After the loss of control followed concerns of “lack of visibility into abstracted resources,” and “uneasiness about adequate firewalling.” Hypervisor vulnerabilities were widespread concerns for both public and private cloud – though with the benefit of hindsight, they never materialized for the typical threat model (even today). And concerns about adequate firewalling more than anything reveal the stickiness of the network perimeter security model.

By 2014, 66% of security professionals surveyed by Ponemon3 said their organization’s use of cloud resources diminished their ability to protect confidential or sensitive data. 64% said cloud makes it difficult to secure business-critical applications, and 51% said the likelihood of a data breach increases due to the cloud. In 2015, a survey by the Cloud Security Alliance (CSA) highlighted that 71% of respondents view the security of cloud data as a big red flag. 38% said their fear over loss of control kept them from moving data into cloud-based apps – thankfully fewer who believed the same in Intel’s 2012 poll.

Source: Ponemon

Distilling these fears, it is absurd in hindsight that enterprise defenders could believe that a few people maintaining a firewall could outmatch the security efforts and measures of Amazon, Google, or Microsoft.
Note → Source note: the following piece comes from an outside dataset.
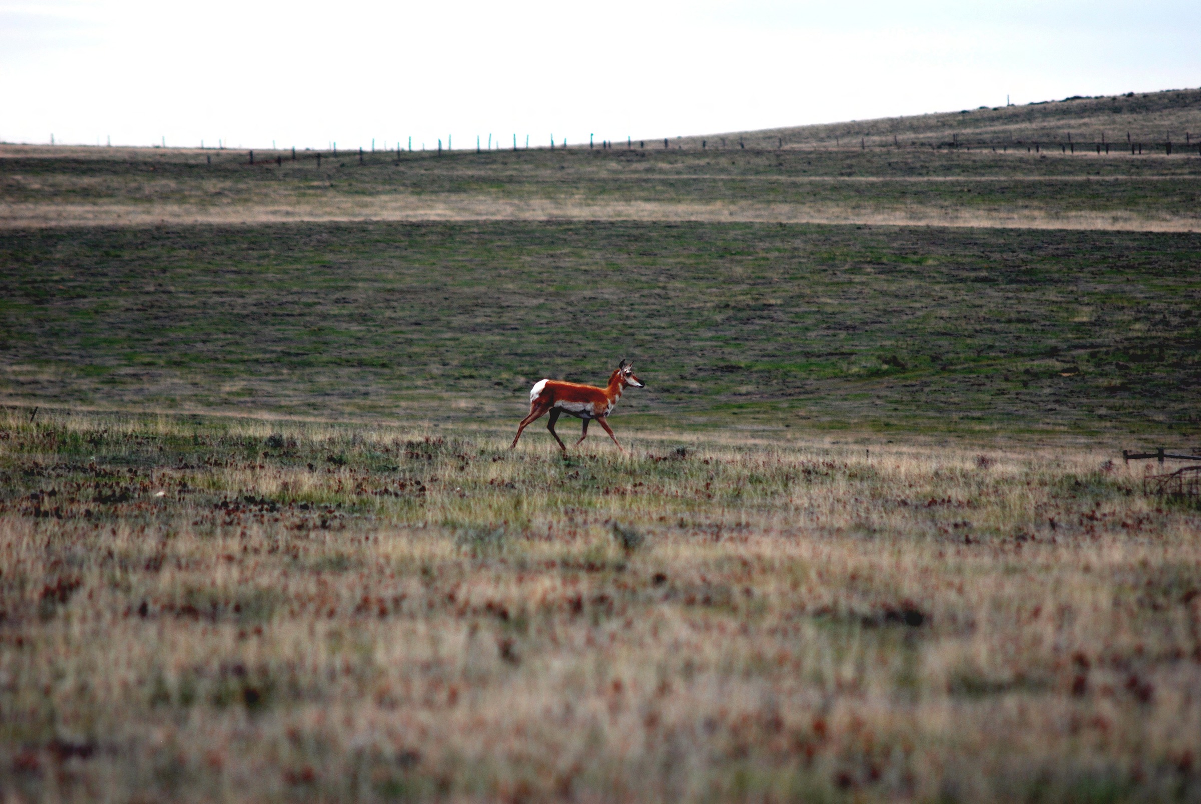 Solo pronghorn beginning to run across SGS, no close by fences in background.

It can only be through the endowment effect – that people overvalue things which they already possess – with a bit of sunk cost fallacy that could lead to such a hubristic conclusion.
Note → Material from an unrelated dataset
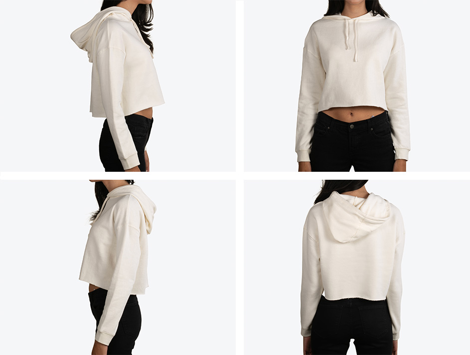 The sweatshirt is cropped in length, typically ending just above the waistline. This design gives it a modern and fashionable look, making it a popular choice for casual wear and athleisure outfits, and it’s available in 6 colors.

Looking back, seldom were the major CSPs hit by publicly-disclosed data breaches. Salesforce has no known major data breaches, outside of disclosure that attackers were using fake websites to phish customers in 2014. Heroku, a Salesforce subsidiary, disclosed a vulnerability in early 2013 that could lead to the potential to access customer accounts – but they did not appear to possess proof of an actual breach. AWS, GCP, and Azure have no known breaches outside of customer misconfiguration.

The most notable CSP breaches include Dropbox in 2012 (68 million usernames + passwords), Evernote in 2013 (50 million usernames), and Slack in 2015 (500 thousand usernames). Yet, these were all breaches of user account databases, rather than evidence of customer accounts or storage repositories being breached themselves.

Despite these sentiments, cloud adoption inexorably marched onwards, and security teams mostly had to shut up and deal with it. The notion that security teams could secure infrastructure better than Amazon, Microsoft, or Google finally became fringe – but truthfully it only did so within the past two years or so, well after operations teams realized that the CSPs could provide more performant infrastructure than most could manage on their own.

The reality of cloud systems is that misconfigurations present the biggest concerns, such as an S3 bucket that is accidentally publicly exposed. Gartner indeed suggests that “through 2020, 80% of cloud breaches will be due to customer misconfiguration, mismanaged credentials or insider theft, not cloud provider vulnerabilities.”4 Luckily, there are considerable resources to assist with the misconfiguration problem – more on that in the third part of this series.

Another reality is that security operating expenses can decrease when using the CSP’s native security controls, according to McKinsey research5. This research suggests that an enterprise with an annual budget of $200 million would spend just under $12 million per year on security, which is $5 million less than they would spend if they did not use the CSP’s native security controls.

This is not surprising. One large security vendor’s web malware protection system sells for over $100,000, as does its email protection system, both of which are deployed as blinky boxes on the network. A larger security vendor’s next-gen firewall (NGFW) starts at $50,000, though higher throughput models quickly reach $150,000 or more. An even larger security vendor’s firewall (with five year support) is priced near the $200,000 mark.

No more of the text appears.